Wilander: Alcaraz sceglie la libertà creativa, anche se perde più partite

11 May 2026 Pubblicato | Tradotto dallo spagnolo

L'ex numero uno Mats Wilander ha analizzato lo stile di Carlos Alcaraz, suggerendo che il murciano dia priorità all'espressione creativa rispetto ai risultati immediati. Secondo lo svedese, questa filosofia implica accettare sconfitte premature nei tornei come parte del processo. Una visione che contrasta con il tennis meccanizzato dell'era attuale.

Carlos Alcaraz in campo, racchetta alzata, con gesto creativo e libero, mentre ombre di trofei caduti giacciono dietro di lui, simboleggiando sconfitte accettate.

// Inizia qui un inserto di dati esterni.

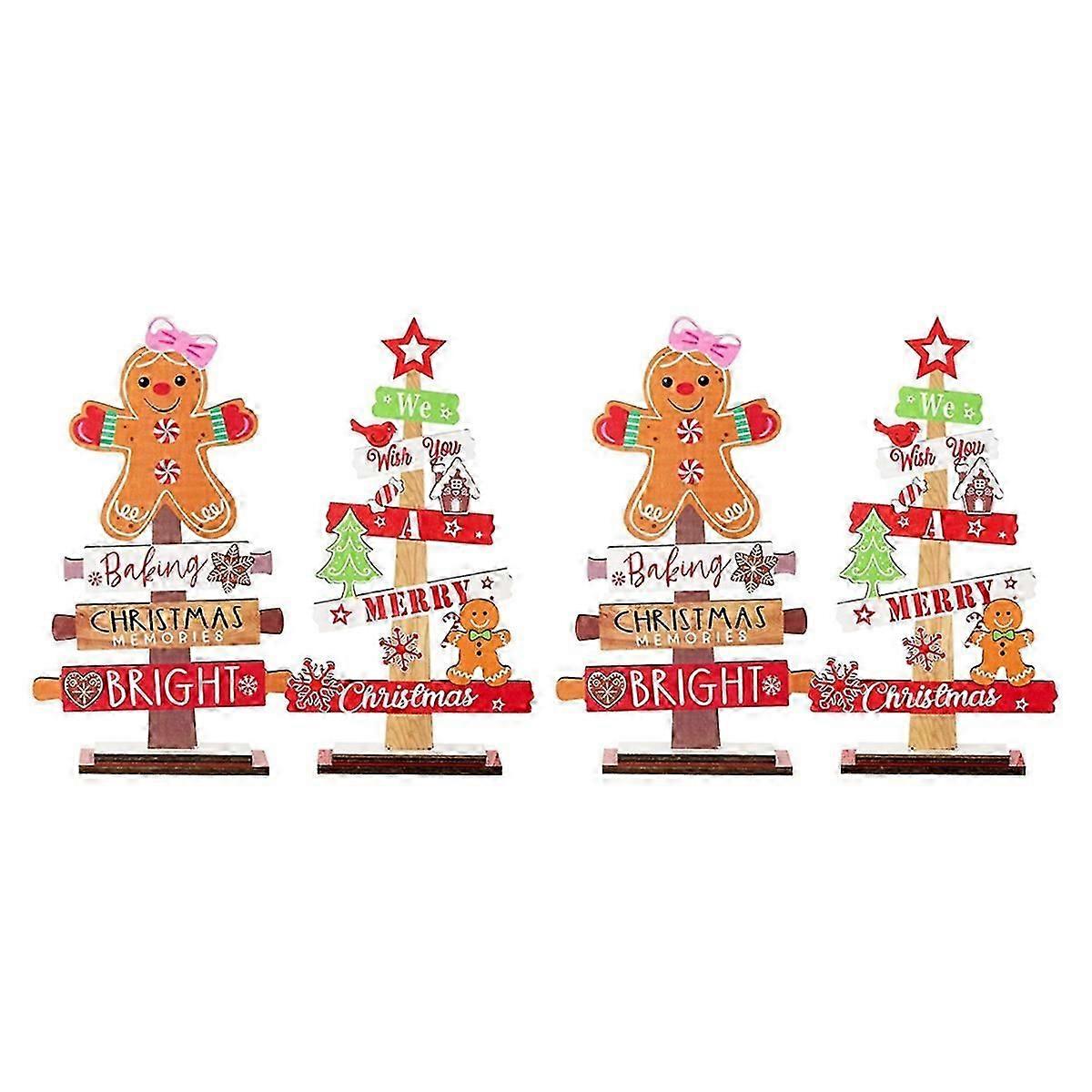 [Product Details] It incorporates classic Christmas elements such as gingerbread men, small Christmas trees, snowflakes and Merry Christmas signs, and every detail is exquisite, perfectly presenting the festive and warmth of the holiday. We also provide two bases made of two different sizes of wooden blocks, which have good stability and can be firmly erected on the Christmas table, entrance table or any space that needs a festive atmosphere.[Unique Wood Material] This wooden Christmas table decoration features warm gingerbread men and festive slogans, made of and environmentally friendly high-quality wood, perfect for adding a Christmas atmosphere to your home. The wood material we use is brightly colored. Whether it is placed on the Christmas table or as a Christmas entrance tabletop decoration, it adds a unique festive atmosphere.[Small and Sturdy] These two indoor Christmas decorations are small, simple and beautiful, suitable for desktops, shelves or other small spaces, adding to every corner of the home. Double base, so that this Christmas decoration not collapse. and easy to assemble, it is perfect for anyone to easily set up holiday decorations. Create a warm and stylish holiday atmosphere.Colour:As ShownMaterial:PlywoodPackage Contents:4 * Wooden ornamentsOnly the above package content, other products are not included.Note: Light reflection and different displays may cause the color of the item in the picture a little different from the real thing. The measurement allowed error is +/- 1-3cm.

Il paradosso tecnico: controllo versus improvvisazione 🎾

Dal punto di vista biomeccanico, il gioco di Alcaraz sfida schemi consolidati. La sua capacità di generare colpi vincenti da posizioni difensive richiede un'attivazione muscolare rapida e un'ampia gamma articolare. Tuttavia, questa libertà tecnica ha dei costi: maggiore margine di errore nei colpi rischiosi, minore costanza negli scambi lunghi e un'esigenza fisica che può portare a infortuni. I dati di Hawk-Eye mostrano che i suoi punti vincenti sono alti, ma lo sono anche i suoi errori non forzati nei momenti chiave.

L'arte di perdere con stile (e qualche racchetta rotta) 🤷

Wilander suggerisce che Alcaraz preferisca essere un artista del tennis piuttosto che un robot vincente. Cioè, il ragazzo vuole deliziare il pubblico con palle corte impossibili anche se poi perde contro un giocatore che mette solo palle piatte. Come il pittore che preferisce un quadro astratto a un ritratto realistico, anche se l'astratto finisce nella spazzatura. Almeno, le sconfitte di Carlos hanno una stampa migliore delle vittorie noiose.